Progressive Training Strategy: A unified network trained on multi-scale samples that effectively balances global context (large-area clouds) and local details (thin clouds), overcoming the limitations of single-scale networks.
Differentiated Fusion Strategy: A mechanism that fuses dense and large-area cloud probability maps based on CTM gradients, allowing the system to adaptively handle varying cloud coverage types.
Automation: The use of adaptive thresholds and distance-weighted optimization eliminates the need for manual parameter tuning, enhancing robustness across different scenes.

4. Experimental Results

The method was validated on 60 Gaofen-1 (GF1-MS) images using two datasets: WDCD and GF1MS-WHU.

Comparison with Weakly Supervised Methods:
- SpecMCD achieved an F1-score of 0.8997, outperforming the next best weakly supervised method (WDCD) by 7.82%.
- It significantly improved Recall (0.9287) compared to physical rule-based methods (e.g., HCDNet, TransMCD), which suffered from severe under-detection of thin clouds (Recall < 0.46).
- It reduced false positives compared to baseline single-scale scene-level networks (SL-256, SL-128, SL-64).
Comparison with Fully Supervised Methods:
- SpecMCD outperformed state-of-the-art fully supervised methods (BoundaryNet, HCDNet-Pixel, RegNetY) in Overall Accuracy (OA) and F2-score (which emphasizes recall).
- While fully supervised methods performed slightly better in dense cloud boundary details, SpecMCD was superior in detecting large-area thin clouds and reducing omission errors.
Application Impact:
- In image reconstruction experiments, SpecMCD-based masks enabled the simultaneous removal of thick and thin clouds, resulting in more accurate radiance recovery compared to masks that missed thin clouds.

5. Significance and Limitations

Significance:

Cost-Effective: Reduces the dependency on expensive pixel-level annotations while maintaining high detection accuracy.
Thin Cloud Capability: Successfully addresses the "blind spot" of current deep learning methods regarding thin clouds and haze, which are critical for atmospheric correction and land cover mapping.
Robustness: The adaptive thresholding makes the method applicable to diverse scenes without manual intervention.

Limitations:

Cloud vs.
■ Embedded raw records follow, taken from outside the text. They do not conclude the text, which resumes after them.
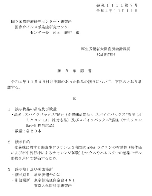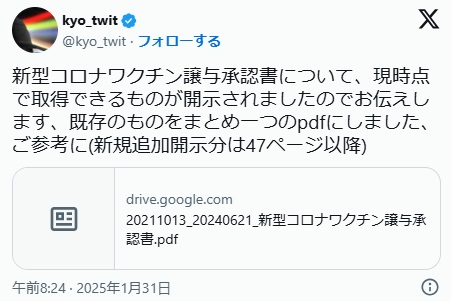 新型コロナワクチン譲与承認書について、現時点で取得できるものが開示されましたのでお伝えします、既存のものをまとめ一つのpdfにしました、ご参考に(新規追加開示分は47ページ以降)https://t.co/istexCPqWF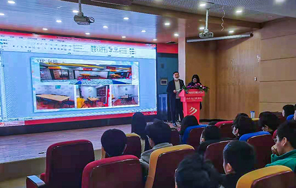 3月3日,金誠閣裝飾工程有限公司王總帶領(lǐng)行政人事,設(shè)計大咖應(yīng)邀我院邀請,為我校VR智能家居創(chuàng)意設(shè)計的學(xué)生做了一個宣講,就業(yè)辦劉主任也參與了本次活動。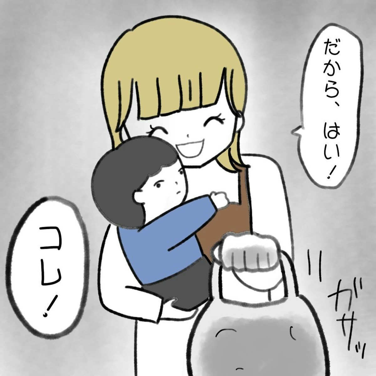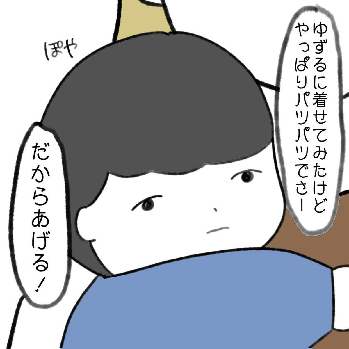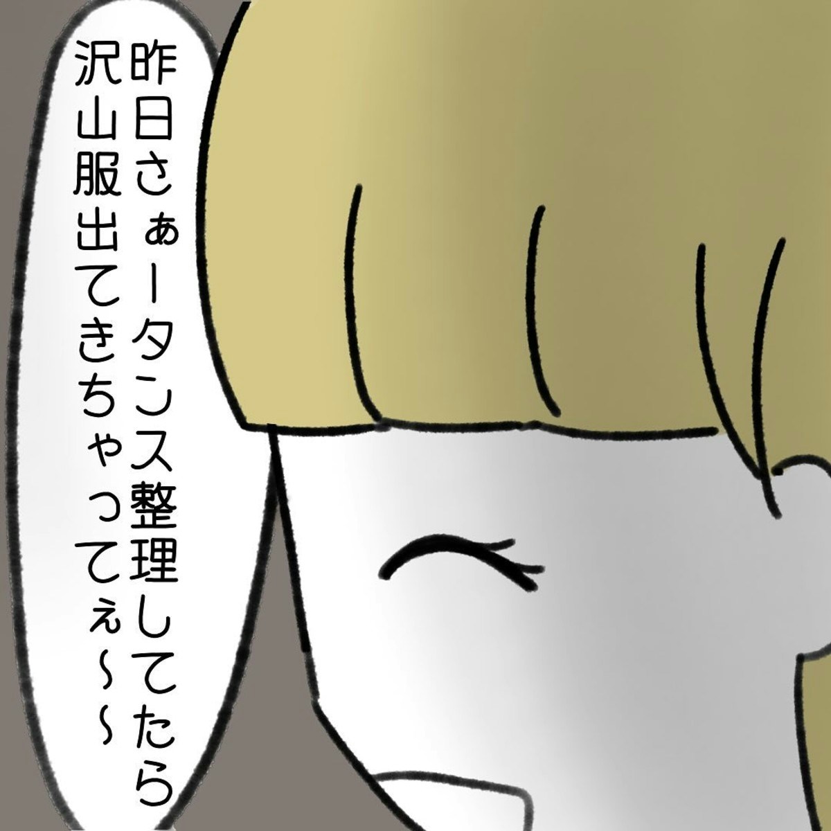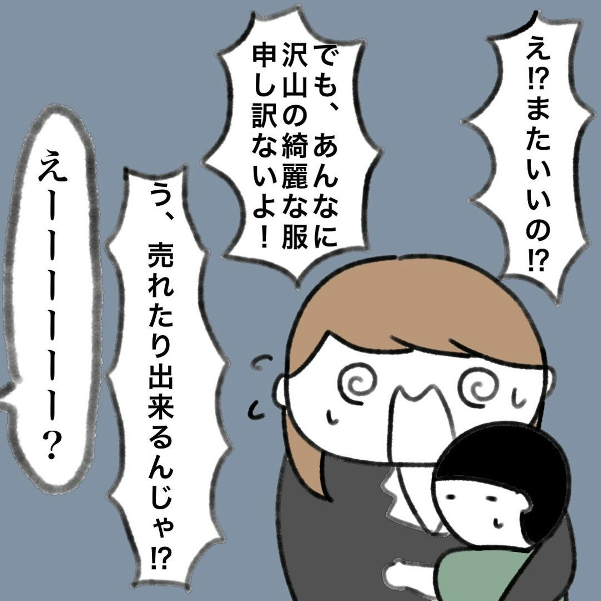 かかじりさんは、渡部さんと話す仲になると、すぐに渡部さんの息子のおさがりをもらってほしいといわれます。遠慮するも、結局もらうことになり、中身を見てみるとまるで未使用品のようなきれいな服が。そこですぐにお礼をしようとお菓子を購入し、翌日に渡部さんに渡しました。すると渡部さんはかかじりさんと別れたあとにスマホでお菓子について調べていたのでした。

Snow/Ice: The method relies on visible bands for spectral features, making it difficult to distinguish clouds from snow/ice without additional data (e.g., thermal bands).
Dense Cloud Details: While effective for large areas, the method still loses some fine-scale boundary details in extremely dense cloud regions compared to fully supervised pixel-level networks.
Shadow Detection: The current framework does not directly detect cloud shadows.

Future Work:
The authors plan to integrate pixel-level networks to refine dense cloud detection, incorporate data-driven cloud-snow discrimination, and explore cloud shadow detection using morphological constraints.